For larger simulations (>100,000 atoms) more OMP threads are spawned on a MIC coprocessor to provide better performance. However, for more OMP threads we need a larger stack size per thread and a larger total stack size on a MIC coprocessor. The default stack size is 8 KB.

• "-env MIC\_OMP\_STACKSIZE 4M" increases the OMP thread stack size to 4 MB.

```
mpirun -env MIC_OMP_STACKSIZE 4M -np 8 $AMBERHOME/bin/pmemd.mic_offload.MPI -0
```

- For MPSS version 3.2.3 and later the total stack size of a MIC coprocessor is increased by the following steps:
- 1. On the host, as root, create the directories etc/ and etc/security in /var/mpss/common:

```
cd /vars/mpss/common
su
mkdir -p etc/security
```

2. Next create the file *limits.conf* (in */var/mpss/common/etc/security*) containing the following line of text (with tab separated values):

"\* soft stack unlimited"

3. Create the file /var/mpss/common.filelist containing the following (with space separated values) lines:

```
dir /etc/security 755 0 0
file /etc/security/limits.conf etc/security/limits.conf 644 0 0
```

4. Finally, cycle the MPSS daemon to reboot the cards using:

service mpss restart

## 18.8 pmemd.amoeba

The Amoeba force field is a recently developed polarizable force field with parameters for water, univalent ions, small organic molecules and proteins.[313, 314, 330–332] Differences from the current amber force fields include more complex valence terms including anharmonic bond and angle corrections and bond angle and bond dihedral cross terms, and a two dimensional spline fit for the phi-psi bitorsional energy.

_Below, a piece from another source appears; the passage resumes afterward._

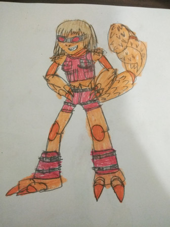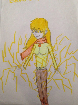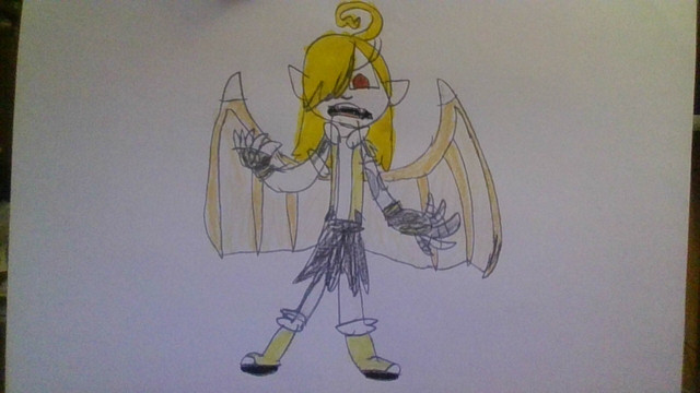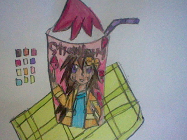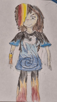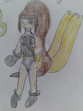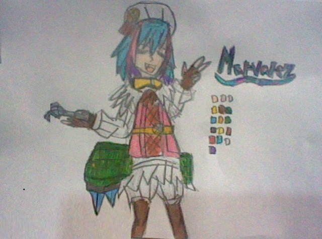 Another drawing idea for this character was to draw them banging the instruments together like the toy, sorry I forget the actual name of the instrument. I wanted to draw her sitting in the knee up then leg out position but didn't pull it off here since the knee bend wasn't high enough, the standing position does work though. I gave her a dramatic eye closes style make it seem like she is being excited with the banging and also attempted some waves around the instrument.I don't have any more ideas for this character at the moment so hopefully will think of something else as I think she has a cute design and could be nice to experiment a bit more with images.

The differences in the nonbond treatment include the use of atomic multipoles up to quadrupole order, induced dipoles using a Tholé screening model, and the use of the Halgren buffered 7-14 functional form for van der Waals interactions. The PME implementation used here, as well as a multigrid approach for atomic multipoles, is described in Ref. [320].

Right now, setting up the system is a bit complex: you need to set up the system in Tinker, then run the *tinker-to-amber* program to convert to Amber prmtop and coordinate files. Some examples are in *\$AMBERHOME/src/p-memd.amoeba/build\_amoeba*. But keep checking the Amber web page, since we hope to provide a simpler path soon.